• [ASSIGNMENT] Pictures excluded, please retype exactly the lines from the start of the data through the line that contains "Вакуумные пакеты Caso", both ends kept, and nothing beyond them.

• [DATASET EXCERPT]
##########

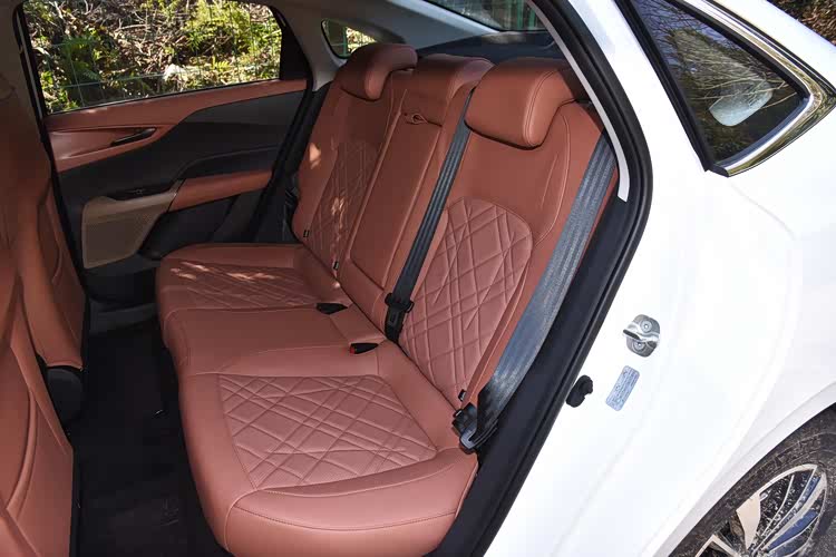 本人身高170cm体验下来,前排座椅调至最低且合适驾驶坐姿后,头部距离车顶约有一拳两指余量(含天窗下沿高度),方向盘支持前后+上下四向调节,较易找到舒适坐姿。主驾座椅坐垫长度490mm(含可伸缩腿托),对大腿承托较为到位,腰部支撑中规中矩,长时间驾驶建议加装腰靠。 保持前排座椅位置不变进入后排,膝部空间约为两拳半(约230mm),头部空间受车顶线条影响缩减至四指(约70mm)。
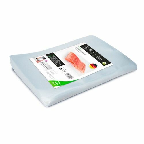 Вакуумные пакеты Caso подходят для бескамерных упаковщиков, производятся из качественных пищевых полимеров, в составе которых не содержатся вредные элементы. Пленка отличается высокой прочностью и стойкостью к разрыву (толщина 160 мкм). Пленка является термостойкой, подходит для заморозки, СВЧ печей, а также приготовления продуктов в су виде. Возможно многоразовое использование и мойка в посудомоечной машине. Благодаря армированному слою пакета обеспечивается максимальная откачка воздуха, что позволяет создать необходимый уровень вакуума.В комплекте 50 пакетов размером 23х30 см, а также стикеры с QR-кодом. При помощи приложения «Caso Food Manager» Вы всегда сможете контролировать количество продуктов в холодильнике, а также сроки их хранения.
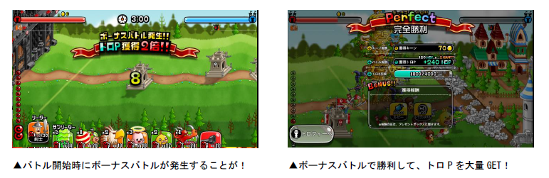 各キャラのトロフィーは、「トロP」を一定数貯めると獲得することができます。トロPは「キャラのLvが20以上」「うまP200以上」など、各キャラによって異なる条件を満たした状態でバトルを行なうと獲得できます。また、バトルを開始すると「ボーナスバトル」が発生することがあり、バトルの勝敗に関係なく、獲得トロPが2・3・5・10倍のうちいずれかの倍率で増加します。ボーナスバトルが発生したら、勝利してトロPの大量獲得を目指しましょう!
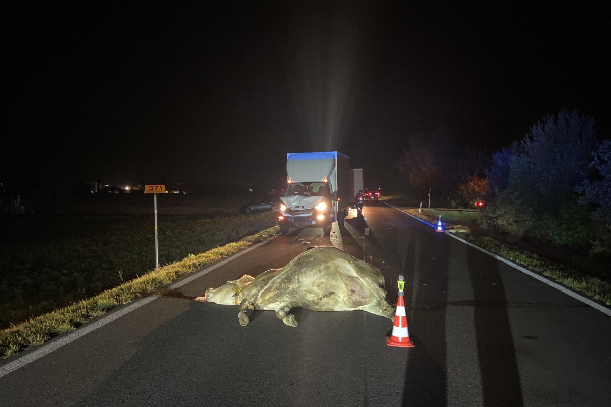 In der Nacht von Montag auf Dienstag kollidierte ein Lieferwagenfahrer mit einer Kuh und einem Kalb. Durch die Kollision verstarben beide Tiere noch auf der Unfallstelle. Der Lenker blieb unverletzt. Am Fahrzeug entstand erheblicher Sachschaden.

##########

• [SOLUTION TO THIS TASK]
 本人身高170cm体验下来,前排座椅调至最低且合适驾驶坐姿后,头部距离车顶约有一拳两指余量(含天窗下沿高度),方向盘支持前后+上下四向调节,较易找到舒适坐姿。主驾座椅坐垫长度490mm(含可伸缩腿托),对大腿承托较为到位,腰部支撑中规中矩,长时间驾驶建议加装腰靠。 保持前排座椅位置不变进入后排,膝部空间约为两拳半(约230mm),头部空间受车顶线条影响缩减至四指(约70mm)。
 Вакуумные пакеты Caso подходят для бескамерных упаковщиков, производятся из качественных пищевых полимеров, в составе которых не содержатся вредные элементы. Пленка отличается высокой прочностью и стойкостью к разрыву (толщина 160 мкм). Пленка является термостойкой, подходит для заморозки, СВЧ печей, а также приготовления продуктов в су виде. Возможно многоразовое использование и мойка в посудомоечной машине. Благодаря армированному слою пакета обеспечивается максимальная откачка воздуха, что позволяет создать необходимый уровень вакуума.В комплекте 50 пакетов размером 23х30 см, а также стикеры с QR-кодом. При помощи приложения «Caso Food Manager» Вы всегда сможете контролировать количество продуктов в холодильнике, а также сроки их хранения.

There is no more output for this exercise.